Webster isn’t a cooperative member because until recently he was working part time but he’s now seriously considering it.

“The ability to really dictate and help decide what’s going to happen in the future of the company and how we progress is really appealing to me,” he said. “It’s not just a job anymore. It’s something that I can help cultivate in a more real sense.”

It’s rare that someone’s work experience is so meaningful that they want to permanently memorialize it on their body. But Boguiren, Webster and several employees did just that. On Boguiren’s left bicep and Webster’s right calf is a tattoo of what they call the A Slice of New York “family crest,” the Manhattan skyline inside the outline of a slice of pizza.

“I get a sense of belonging here that I don’t get in other jobs,” Webster said. “It feels like a company that cares about you. It’s not about the bottom line. It’s about you and making sure you’re OK and that you can afford to live and make it a career.”

“Everything about this job has always been very different,” said employee Colin Webster. “The amount of care everyone has for the company and for each other has always built a very strong foundation and a very strong team, almost like a family dynamic.” (Photos by Olivia Treynor)

‘It’s all about your people’

A Slice of New York’s response to the pandemic illustrates the radical benefits of a worker-owned cooperative.

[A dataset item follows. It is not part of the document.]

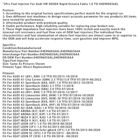 Audi VW SKODA Rapid Octavia Fabia 1.0 TSI 04E906036AL用 燃料インジェクター 3個

No employees have been laid off, though the pizza shops stopped hiring for six months, reduced operating hours and have had to close several times due to staffing shortages. Employees who didn’t feel safe working received sick time, and those working were allowed to eat for free at the pizza shops. (And when one employee’s wife visited her family outside of the area, A Slice of New York split the cost of a hotel where she quarantined until she tested negative.)

Ownership took early, proactive steps to protect employees’ health. A Slice of New York shifted to takeout only on March 8, before the shelter-in-place order, and started limiting the number of people who could come inside the shops. Vartan also made a difficult — but in his eyes necessary — decision to stop selling pizza by the slice, which typically accounts for 40% of revenue.

When some new employees resigned in mid-March, unwilling to risk their health to serve pizza, Vartan talked to them about their concerns, which informed how to help the remaining employees feel more comfortable. He required everyone to wear masks before it was mandated by Santa Clara County and started checking employees’ temperatures. The pizza shop is also unusually transparent, posting detailed updates about COVID-19 precautions and internal business decisions on its website.

At A Slice of New York in Sunnyvale, only five customers are allowed inside at a time, and there are two doors designated for entry and exit to minimize contact. They’ve jury rigged a contactless notification system for when orders are ready — a walkie talkie fastened with velcro to the front window — and added a touchless thermometer to check customers’ temperatures. They recently separated the Sunnyvale and San Jose employees into two pods to further prevent any potential exposure.

“The one thing I walked away from Cisco with … is it’s all about your people. No matter how good your product is, if you don’t take care of your people it doesn’t matter,” Vartan said. “You take care of the people; the people take care of the business; the profits work themselves out.”